Well, no. The images do work exactly as advertised, but once the visualization was live I found it really distracting to have the crowding squares changing all the time. It’s also really hard to tell whether new spots are being added or whether they’re just randomly moving around. It would be much better to have the same arrangement of spots and just add one or two at a time, as the data requires, rather than having randomly generated positions. Of course, that would require having a static set of images that increases one at a time. I’m still working out what to do about that one, but I think you’ll see why it’s a problem in the video series below:


I also learned several other useful things from the mockup. The first is that the land area change isn’t terribly obvious, partly because of the area scaling, and partly because of the gradual changes over time. Not surprisingly, it’s also difficult to know which kind of change to pay attention to, especially since they happen in multiple directions at the same time (the population bar grows to the right, land area to the upper left, crowding stays the same but the spots move, and the food bars grow down). I thought that this was likely to be a problem before I programmed it, but I also wanted to get a sense of what the different variable changes looked like side by side.

Another issue was that the degraded land area is only available for a single year, and actually represents the amount of change over an interval of years, rather than the total final amount. And, as I knew from earlier experimentation, the land use area boxes pop in and out, depending on whether or not data is available for a particular year. Most of these are known issues, but it was helpful to see how the different pieces functioned together, and helped me to get a better sense of what I’m trying to show. The good news is that I think I can fit these different components onto the screen; the bad news is that the changes aren’t really visible yet. In the final version, I plan to show a static version for the front page, showing all of the variables for a recent year where there is complete data, and to reserve the time sliders for the simpler variable-by-variable comparisons in the second and third page.
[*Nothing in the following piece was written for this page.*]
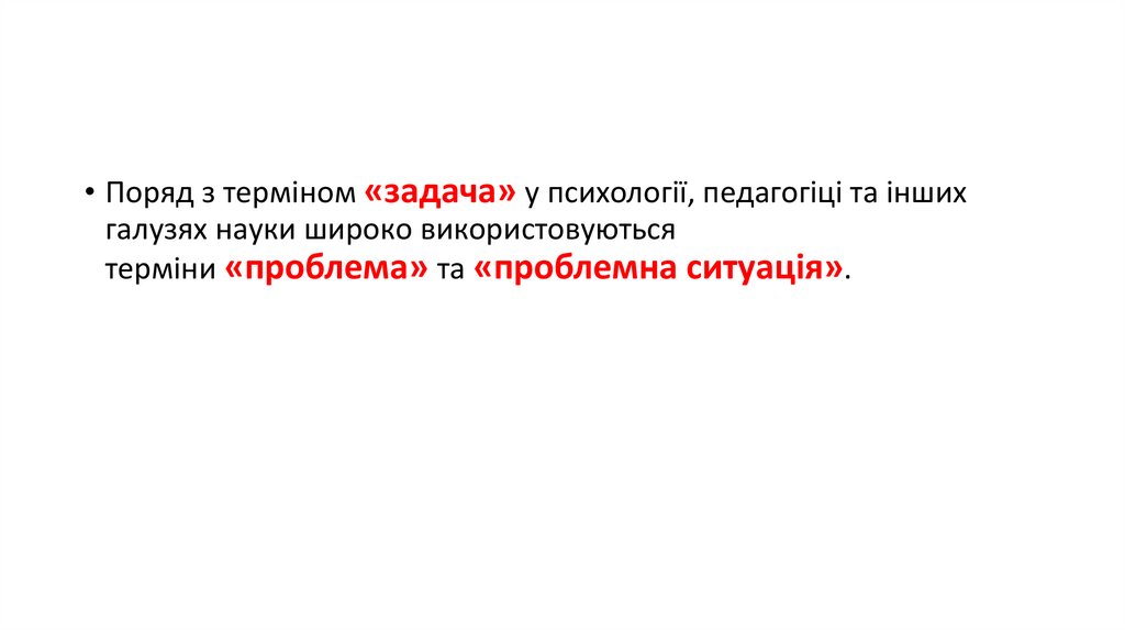 • Поряд з терміном «задача» у психології, педагогіці та іншихгалузях науки широко використовуються

I started adding radio buttons and checkboxes for the second page this morning, and Branden is reshaping the data file for me to simplify sorting and indexing, which should simplify the code and improve the page loading time and update speed. I split everything up into separate update and draw functions, and started adding tracker variables to check which user inputs are selected for the different modes. I also made different positioning options for the different modes, so that the visualizations can rearrange themselves from one organization to the next, depending on which mode they’re in. Next, I need to connect these different drawing and update functions to the compare button, and make sure that they play nicely together. From there, it should be fairly simple to add the longitudinal plots and the dynamic bars for the final page. Hopefully in the end I’ll have a multivariate viewing system that can help to guide viewers through their explorations of the data story.